Data extracts:
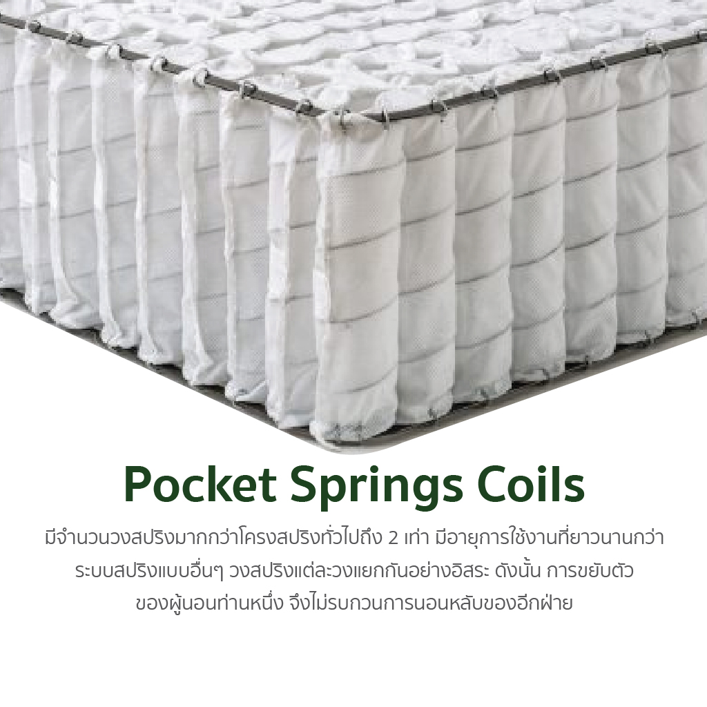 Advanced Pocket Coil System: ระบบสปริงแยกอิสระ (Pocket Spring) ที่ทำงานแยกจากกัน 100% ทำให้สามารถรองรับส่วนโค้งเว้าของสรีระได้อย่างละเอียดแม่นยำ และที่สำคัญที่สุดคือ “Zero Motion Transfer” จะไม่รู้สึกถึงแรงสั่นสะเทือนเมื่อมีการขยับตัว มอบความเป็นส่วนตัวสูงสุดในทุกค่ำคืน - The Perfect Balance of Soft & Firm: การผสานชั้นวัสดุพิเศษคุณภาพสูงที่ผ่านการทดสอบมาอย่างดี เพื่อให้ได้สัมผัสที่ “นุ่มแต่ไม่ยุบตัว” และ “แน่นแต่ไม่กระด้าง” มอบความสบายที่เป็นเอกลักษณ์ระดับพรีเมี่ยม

...

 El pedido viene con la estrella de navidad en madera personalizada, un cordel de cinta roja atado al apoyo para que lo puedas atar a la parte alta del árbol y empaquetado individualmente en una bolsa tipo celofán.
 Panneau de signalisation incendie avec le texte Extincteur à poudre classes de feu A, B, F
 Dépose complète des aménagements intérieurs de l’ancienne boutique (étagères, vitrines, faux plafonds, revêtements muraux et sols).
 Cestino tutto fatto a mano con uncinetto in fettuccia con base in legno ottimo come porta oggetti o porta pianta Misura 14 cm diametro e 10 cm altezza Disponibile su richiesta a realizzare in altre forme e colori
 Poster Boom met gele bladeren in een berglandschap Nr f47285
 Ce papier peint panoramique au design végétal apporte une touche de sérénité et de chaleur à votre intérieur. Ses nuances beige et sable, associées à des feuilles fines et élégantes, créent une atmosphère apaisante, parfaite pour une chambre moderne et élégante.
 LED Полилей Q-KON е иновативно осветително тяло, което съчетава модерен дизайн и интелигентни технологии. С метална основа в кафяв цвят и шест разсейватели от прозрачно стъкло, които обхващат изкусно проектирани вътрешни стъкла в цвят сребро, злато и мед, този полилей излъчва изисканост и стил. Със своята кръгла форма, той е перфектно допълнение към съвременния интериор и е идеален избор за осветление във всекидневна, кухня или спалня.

Task goal: Of the lines above, retype only those from the line containing "Dépose complète des" through the line containing "LED Полилей Q-KON", including both, exactly.

Finished task:
 Dépose complète des aménagements intérieurs de l’ancienne boutique (étagères, vitrines, faux plafonds, revêtements muraux et sols).
 Cestino tutto fatto a mano con uncinetto in fettuccia con base in legno ottimo come porta oggetti o porta pianta Misura 14 cm diametro e 10 cm altezza Disponibile su richiesta a realizzare in altre forme e colori
 Poster Boom met gele bladeren in een berglandschap Nr f47285
 Ce papier peint panoramique au design végétal apporte une touche de sérénité et de chaleur à votre intérieur. Ses nuances beige et sable, associées à des feuilles fines et élégantes, créent une atmosphère apaisante, parfaite pour une chambre moderne et élégante.
 LED Полилей Q-KON е иновативно осветително тяло, което съчетава модерен дизайн и интелигентни технологии. С метална основа в кафяв цвят и шест разсейватели от прозрачно стъкло, които обхващат изкусно проектирани вътрешни стъкла в цвят сребро, злато и мед, този полилей излъчва изисканост и стил. Със своята кръгла форма, той е перфектно допълнение към съвременния интериор и е идеален избор за осветление във всекидневна, кухня или спалня.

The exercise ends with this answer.